A photograph then cannot be taken as a whole truth. It is instead a detail, a partial truth. It lends itself to an understanding of the light beyond the cave but it can never bring us into the light itself. But if the photograph is such an unreliable means of representing truth, why then do we persist in its use? Why do we accept the images we see as representative as something true?


[1] Berger, John. Understanding a Photograph. New York: Aperture Foundation, 2013

[2] Sontag, Susan. On Photography. New York: Picador, 1977.

With all the unknowns presented can this photograph be considered truth? And what about when captions and a title are added? From these additions we gain further information about our subject. She is a migrant mother. The image was taken in Nipomo, California in 1936. Captions add information to a photograph but can never fully re-contextualize the image. Walter Benjamin in his essay, “The Work of Art in the Age of Reproducibility,” wrote that photo magazines used captions as “signposts” to guide the viewer and because exhibitionist value has dislodged the cult value of a documentary photograph, “captions have become obligatory.” [1] Mary Price argues in, “The Photograph: A Strange, Confined Space,”

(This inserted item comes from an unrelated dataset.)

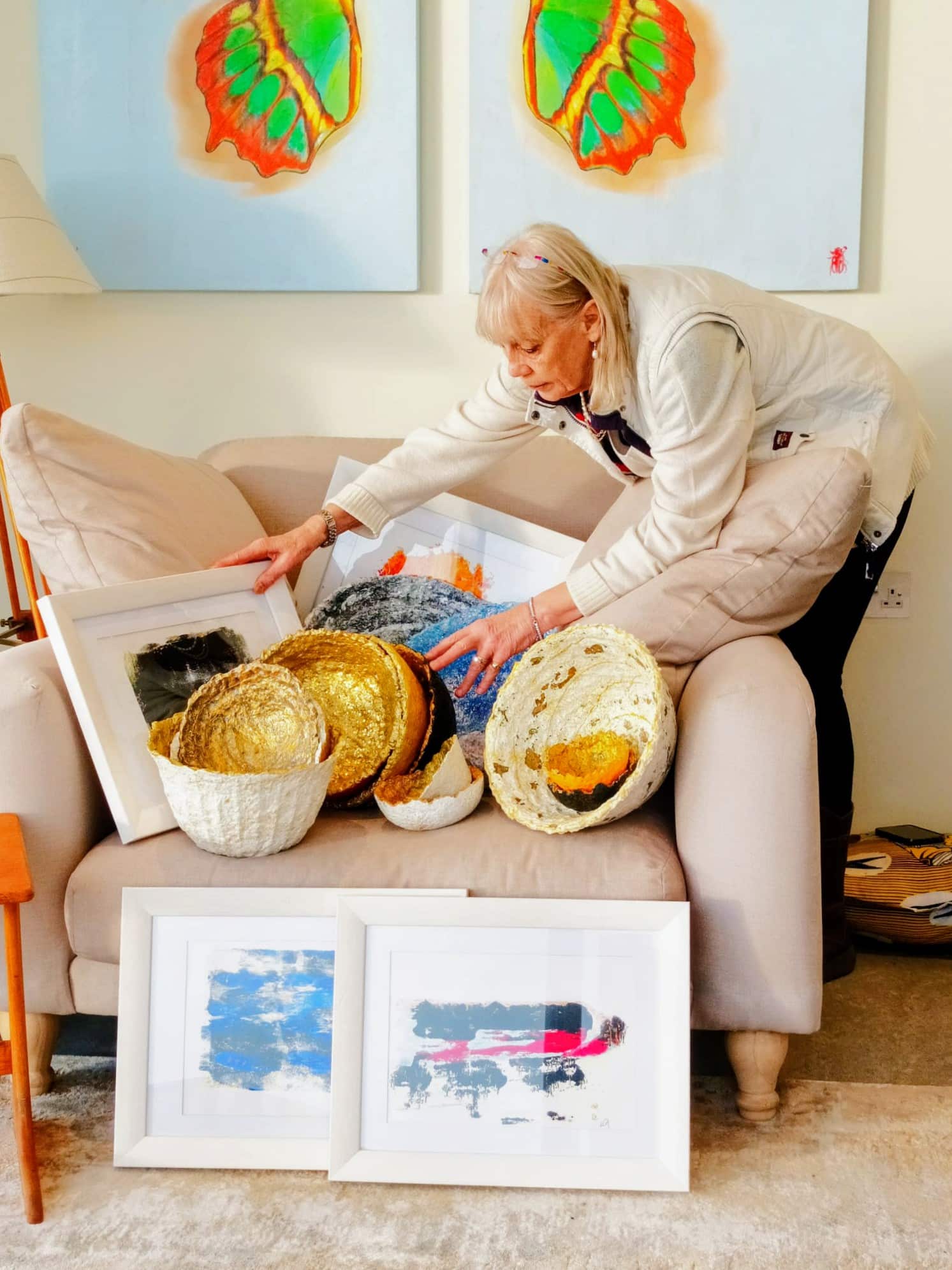 Lindy is a painter/sculptor specialising in mixed-media, acrylics and Indian inks. She’s inspired by textiles, fashion and colour. Her unique bowls are sculpted from upcycled paper and are decorated with gold and silver leaf.
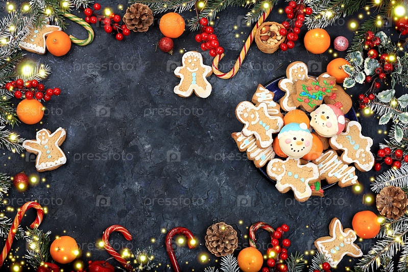 Рождественский новогодний фон, традиционные праздничные пряники и мандарины с еловыми ветками, шишками и украшениями, идея дизайна блюда, концепция выпечки,

Describing is necessary for photographs.

Call it captioning, call it titling, call it describing,

the act of specifying in words what the viewer

may be led to understand and to see is as necessary

to the photograph as it is to the painting. Or call it

criticism. It is the act of describing that enables the

act of seeing. [2]

Captions guide our assumptions and sometimes tell us what they should be but even captions are in themselves limited by space for how much information they can contain.

What happens then if we supplement with additional text? In the pictorial magazines we have today, such as “National Geographic,” photographs always are accompanied by words, whether it is captions or an article. Words have become necessary to the documentary photograph in order to make sure the information received by the viewer is more complete and accurate.

A discussion of the pictorial magazine leads us to the consideration of the photographic essay, another method used to give the viewer additional information. Time Life defines a photo essay as an,

Organization of a number of pictures on a single

theme so that they give a deeper, fuller, more rounded,

more intense view of their subject than any single

picture could. [3]

It is very hard within the confines of the photograph to tell a story. A story is a series of happenings, like in a film. But a photograph, unlike the many images of a film is only a single image. What a photographic essay seeks to do is to piece together a series of photographs into a narrative as is found in a movie.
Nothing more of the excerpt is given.